BACKGROUND The Roma people originated in northern India and have been known in Europe for nearly a thousand years. For much of that time they have been the subjects of discrimination and oppression, culminating in the extermination of half a million Roma in the Nazi death camps. While it is widely believed that the health of Roma people is often poorer than the majority population, these inequalities remain largely unresearched.

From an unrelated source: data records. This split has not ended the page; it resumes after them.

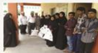
Distribution of grains at Hasan Nagar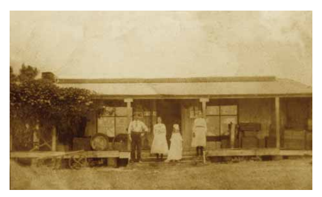
Balls General Store.

stating "it was the best church outside Kempsey, a handsome structure with cathedral windows and illuminated by acetylene gas". The Church was closed in 1986.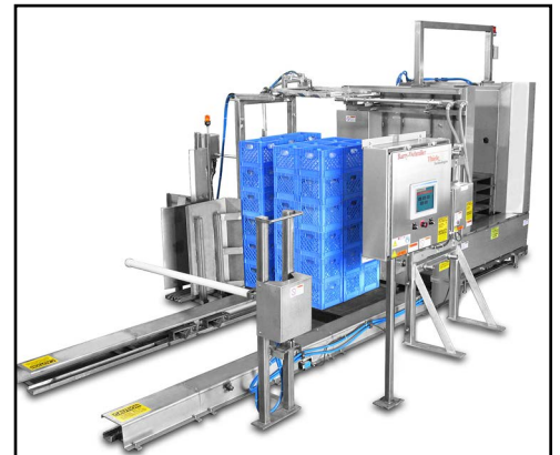
Automatic depalletizer and pallet stacking system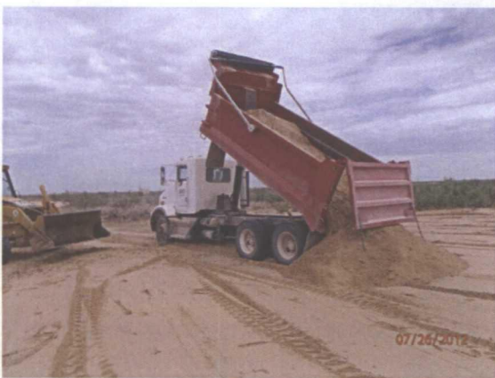
Importing soil, facing north 7/26/2012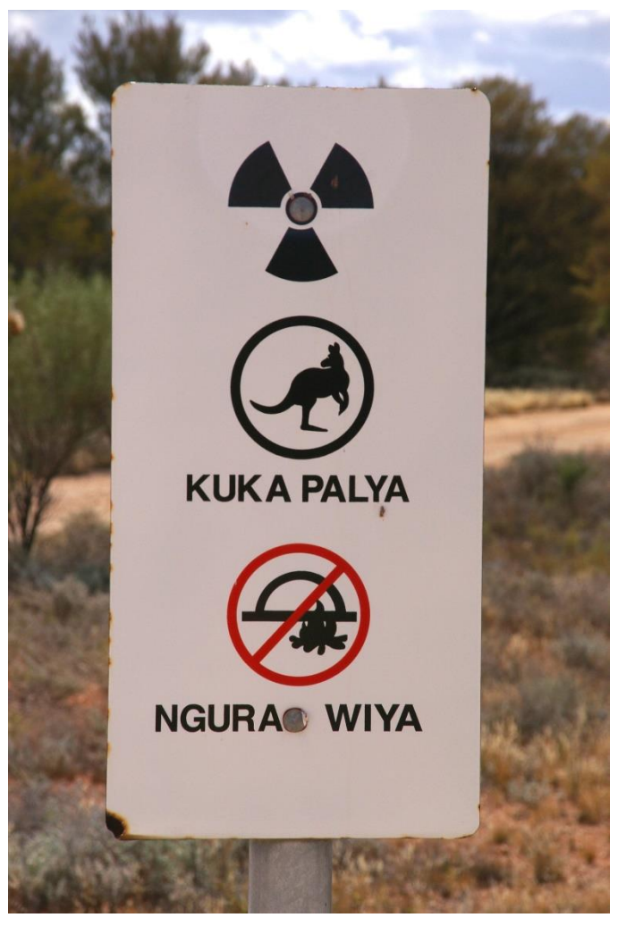
Figure 4: One of the hundreds of warning sings spread across the former nuclear test site at Maralinga.

Between 1966 and 1996, France conducted 179 nuclear weapons tests at Moruroa<sup>40</sup> Atoll (42 atmospheric; 137 underground) and 14 at Fangataufa Atoll (4 atmospheric;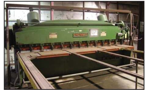
CINCINNATI 1/4" X 12' PLATE SHEAR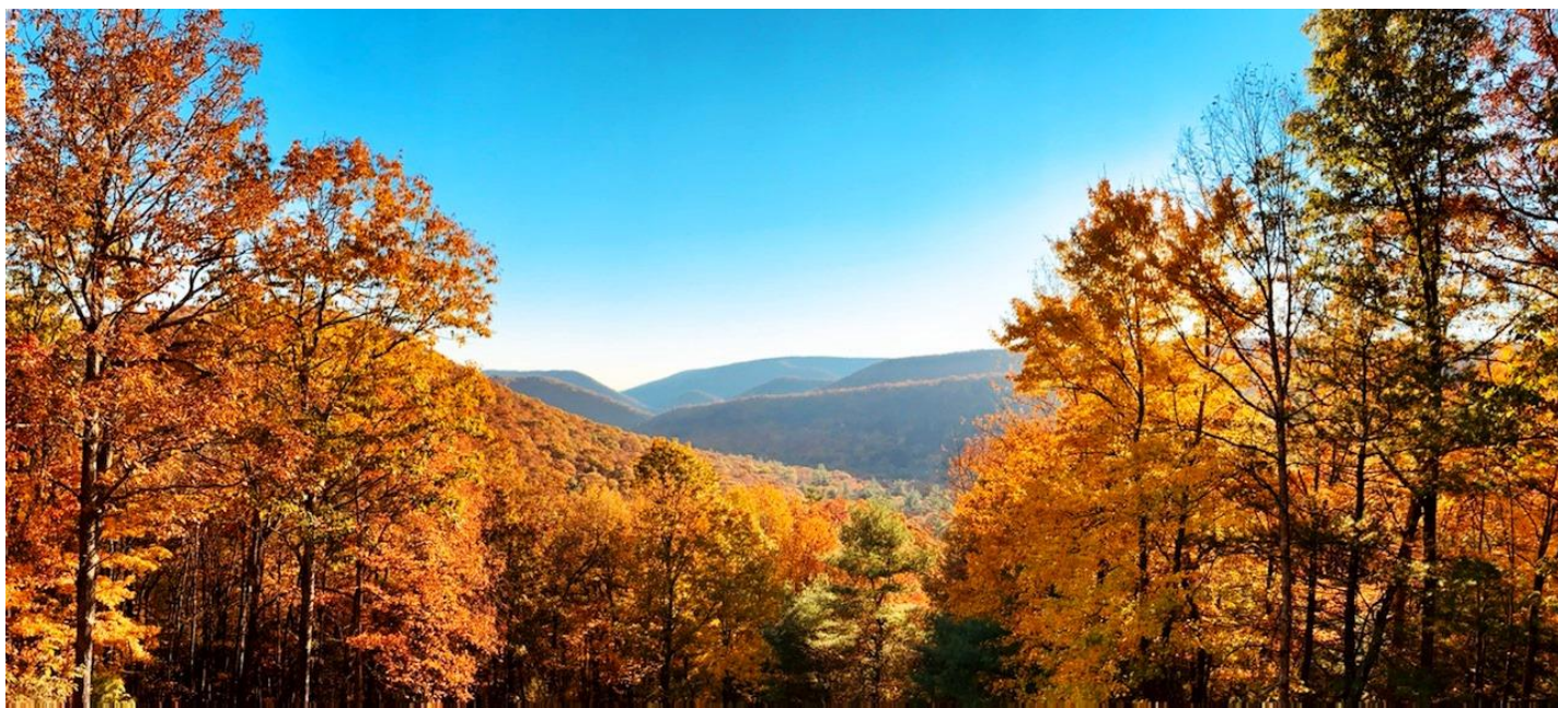
Spectacular view of fall color from Penns View Vista, Pine Swamp Road, Bald Eagle State Forest.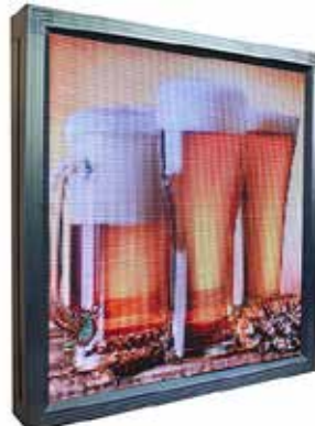
128 x 128 pixels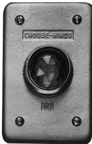
For pilot light units (furnished with jewel and gasket).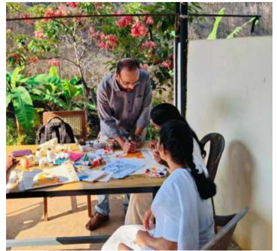
Trainees in Action at Women's Prison Kannur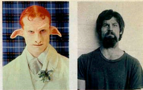
Barney as the Queen's Giant in "Cremaster 5," far left, and as the Loughton Candidate in "Cremaster 4," above left, and Gary Gilmore in "Cremaster 2." Given his mythological muse and his plan for a cycle of works, he has been called the Wagner of contemporary art.

'If a work is shown too many times, something gets stolen from it,' Barney says. 'You come to it with preconceptions, or you get tired of it. ... So I try to protect myself and my work. I want there to be a fraction of the art that even I don't understand.'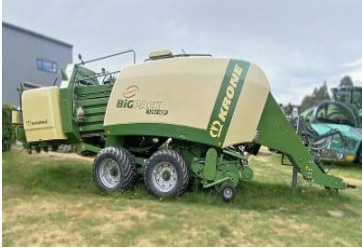
Krone Big Pack 1290 HDP 208689 (A) Big Pack 1290 HDP, Hay & Forage, 2013, 0 hours, Used $164,000.00+GST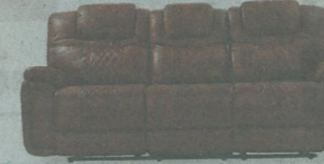
Texas American Leatherette Recliner 3 Seater ₹72,000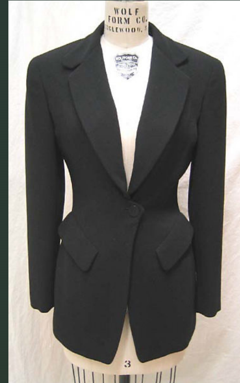
Title: Suit Date: 1990s Materials: wool URL: https://www.metmuseum.org/art/collection/search/80965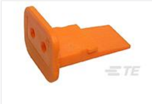
TE Part #W2S WEDGE LOCK, 2P, PLG, ORG, STD, DT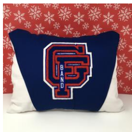
Style A (back)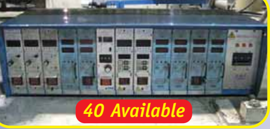
ACETRONIC & DME ZONE TEMPERATURE CONTROLLERS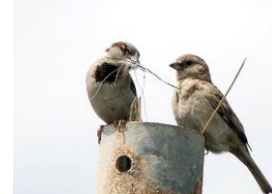
House Sparrow דרור הבית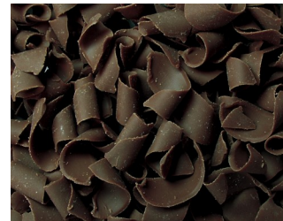
Curls Dark Chocolate Blossom 12# Case #23058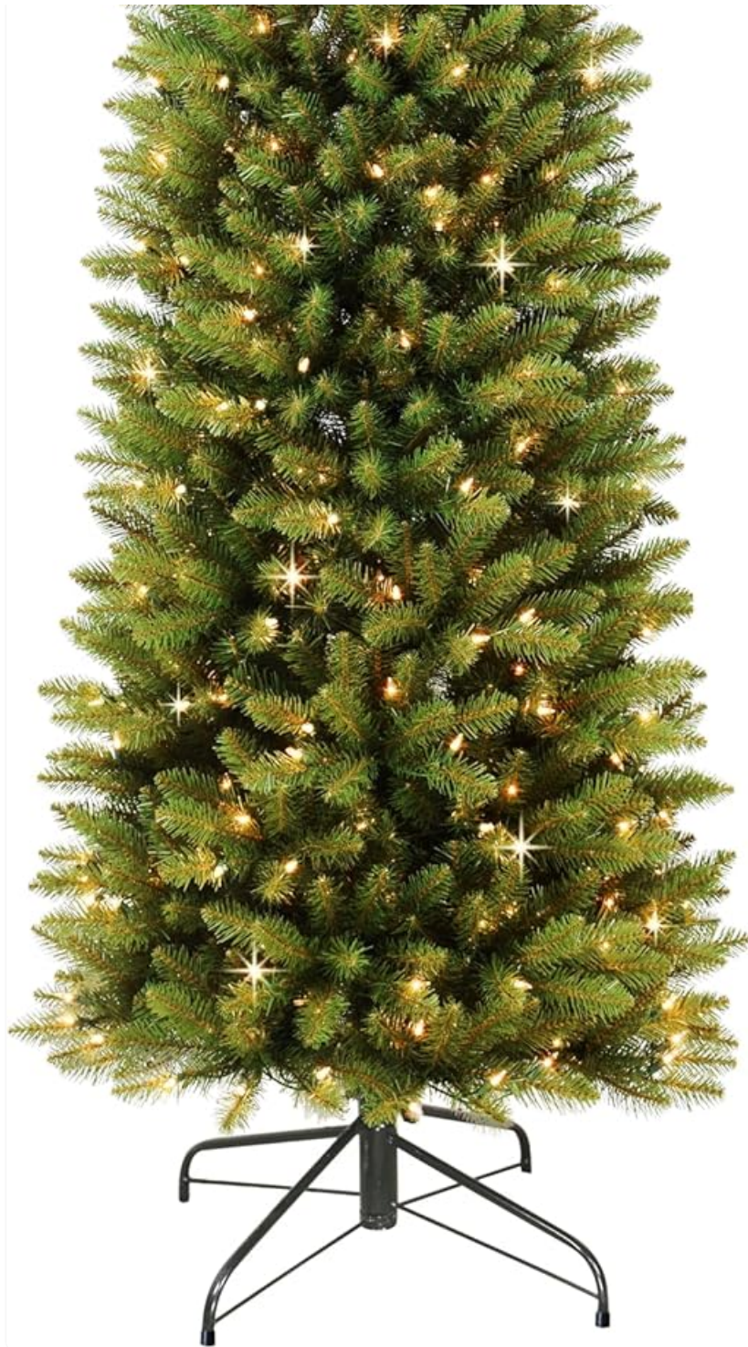
Image: The Puleo International 7.5ft Pre-Lit Slim Fraser Fir Christmas Tree, fully assembled and lit.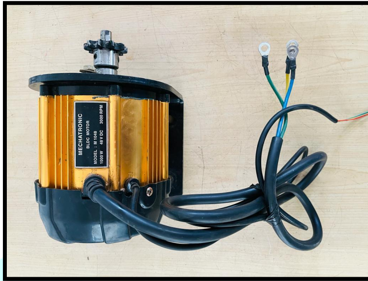
Fig 3. Motor

3. Motor: A motor functions on direct-current electricity. The motors contain permanent magnets rather than electromagnets used in induction motors. The permanent magnet contains less heat loss and energy compared to electromagnets.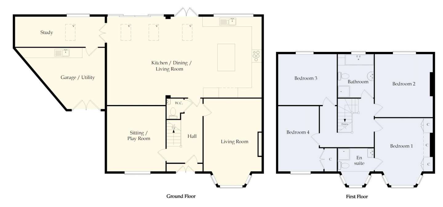
This drawing is for illustrative purposes only (not to scale) Copyright © 2023 ViewPlan.co.uk (Ref. VP24-ZES-1, Rev. Org)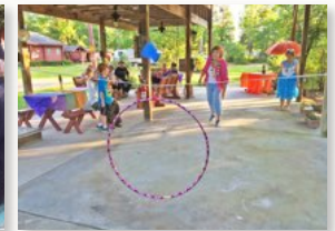
Elder Olympics games under the host's pavillon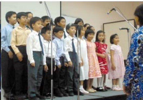
The CW Choir in Bandar Utama

her son was raised to life! Once again, she experienced a miracle. Then came Elisha's warning of an impending famine and she experienced God's protection from starvation. When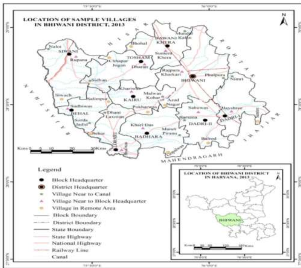
Fig-1: Bhiwani district of Haryana

Then, the energy input and output ratio has been worked out for each selected sample crop by dividing the total energy used by a sample crop by total crop output of the same crop. Further, total energy use and total agricultural productivity of the district have been calculated by adding of the total average energy used of each sample crop and adding of the total average crop output of each sample crop respectively. Finally, the correlation between total energy use and total agricultural productivity has been calculated by using the Karl Pearson's formula:

METHODS Published literature on the health of the Roma people was identified using Medline. Opinion pieces were excluded, as were papers relating to anthropometry and to genetic markers. The resultant papers were analysed by country of study and by disease type or care group.

RESULTS Some 70% of papers identified related to just three countries; Spain and the Czech and Slovak Republics. Much literature concentrates upon communicable disease or reproductive health. The limited evidence suggests increased morbidity from non-communicable disease, but there is little published on this topic. Evidence on health care, though fragmentary, suggests poorer access to health services and uptake of preventative care.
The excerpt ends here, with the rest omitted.